Thornton continued as Grossmith's understudy as the Lord Chancellor in the next Savoy opera, Iolanthe, but when the production went on tour in 1883, Thornton was given the role, also serving as stage manager for the touring company. In 1884 Carte sent him to New York to supervise the first American production of Princess Ida. The theatrical newspaper, The Era, reported, "The complete and effective manner in which Princess Ida has been put on the stage at the Fifth-avenue Theatre, New York, is due to the taste, experience and indefatigable labours of Mr Frank Thornton of the Savoy, who was sent out by Mr Carte especially to superintend the production."

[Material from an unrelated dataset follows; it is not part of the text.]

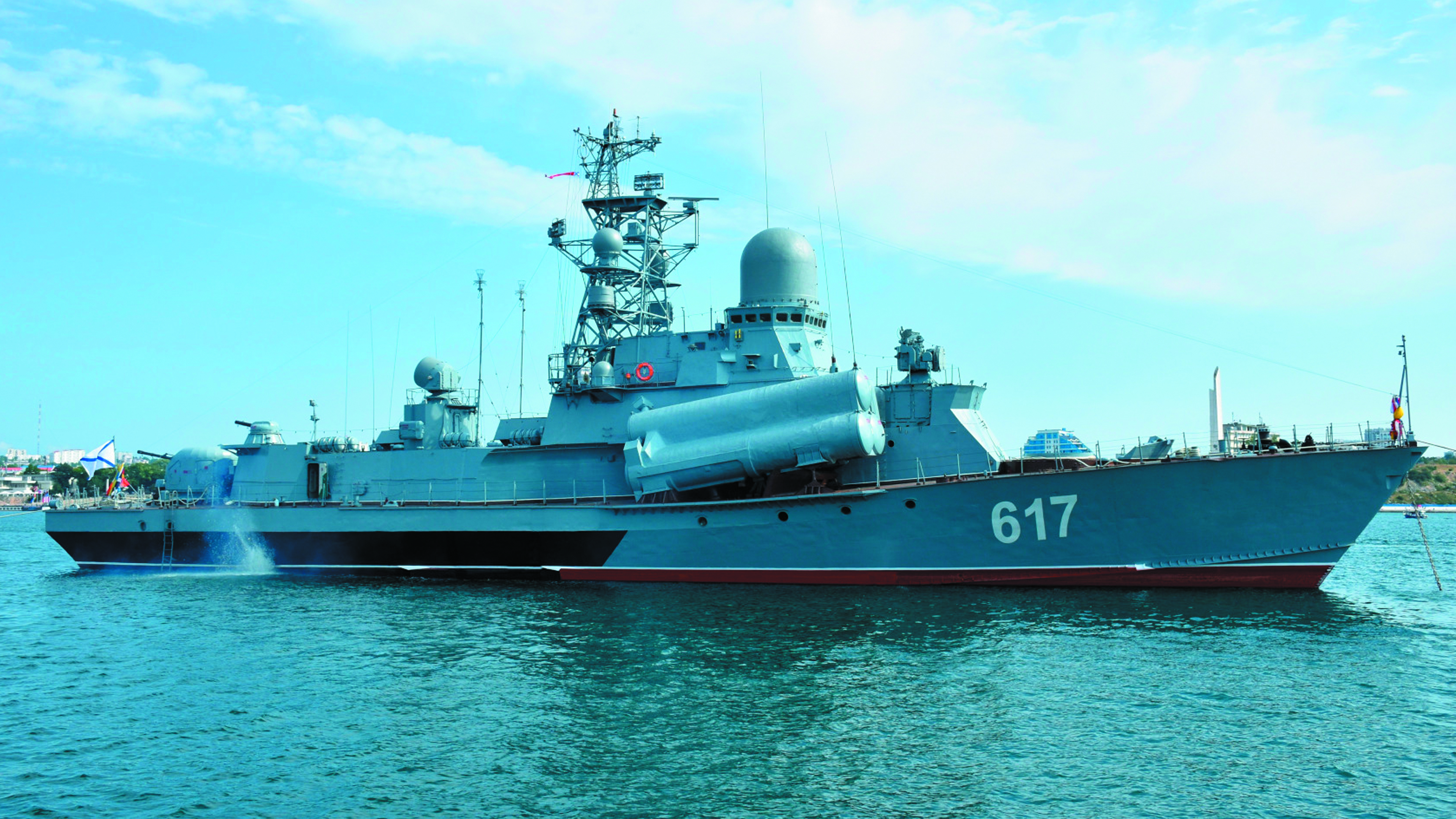 Description: A large blue boat floating on top of a body of water next to a shore line with a city in the background.

===Overseas tours and West End shows===
In 1884 Thornton was engaged by the holder of the American production rights to the farce The Private Secretary to produce the piece and play the part of the Rev Robert Spalding in New York. The production ran until April 1885, after which Thornton briefly returned to London. He played Spalding in the London production for a week, to give the regular performer, W. S. Penley, a brief holiday during its long West End run, and then sailed for Sydney, having secured the Australasian production rights to The Private Secretary. His tour of over 16,000 miles through Australia and New Zealand with the play "proved the greatest success ever scored in the Antipodes". During his first visit to Australia, he also appeared as the Lord Chancellor in Iolanthe and as John Wellington Wells in the first Australian production of The Sorcerer in 1886 and as the Learned Judge in Trial.

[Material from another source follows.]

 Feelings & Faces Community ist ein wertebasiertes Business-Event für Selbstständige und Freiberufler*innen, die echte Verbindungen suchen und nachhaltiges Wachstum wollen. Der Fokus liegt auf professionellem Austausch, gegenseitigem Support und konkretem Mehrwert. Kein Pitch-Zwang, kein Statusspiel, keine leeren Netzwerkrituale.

Thornton played Lurcher in Alfred Cellier's Dorothy on tour both in Britain and Australia. His performance was described by the critic of The Western Mail as "quaint and excruciatingly funny; a thing to be seen and remembered." He then returned to the London stage, playing Quasimodo in a "melodramatic burlesque" of Victor Hugo, Miss Esmeralda, with fellow Savoyard Marion Hood at the Gaiety Theatre. He received good notices for this production, but was less well reviewed in his next role, as an amateur detective in the farce A Mare's Nest, of which The Era wrote, "he made it rather grim and repulsive than humorous." He was judged back on form in a double bill of farce, Lot 49, and the burlesque Frankenstein, or The Vampire's Victim, at the Gaiety in January 1888, with Nellie Farren and Sybil Grey.

In September 1888 he assembled a company and sailed once again to Australia, with a repertory of four comedies, Mamma by Sydney Grundy, Bonny Boy, Sweet Lavender by Arthur Wing Pinero, and The Private Secretary. Mamma provoked protest in the pages of The Sydney Morning Herald, which "considered the play too naughty for Antipodean audiences, and said so very plainly." Thornton invited a Supreme Court judge to attend and say if the criticism was fair, and the judge pronounced in his favour.

===Return to D'Oyly Carte and later years===
Thornton returned to England in September 1890,
and in June 1891 he created the role of Pyjama, the Grand Vizier, in The Nautch Girl for D'Oyly Carte. After this closed, he toured with the company in The Vicar of Bray, leaving the company again in 1892. In London, he appeared in La Rosière in 1893 and later in that year he began his third tour of Australia, with Charley's Aunt and, again, The Private Secretary. On his return to London he appeared in G. Stuart Ogilvie's romantic drama, The Sin of Saint Hulda, with Lewis Waller. In 1897–98 he made a further tour of Australia with the play, The Strange Adventures of Miss Brown.

In 1899 he starred in a farce, Facing the Music, with Lionel Brough, and later took the play on tour in the UK. While playing in Belfast in 1900, he collapsed on stage and was forced to take a break from the production. He made another trip to Australia in 1902, having secured the rights to the play The Test match by Gerald FitzGibbon and Fred Bowyer.

Thornton died in 1918 at the age of 73.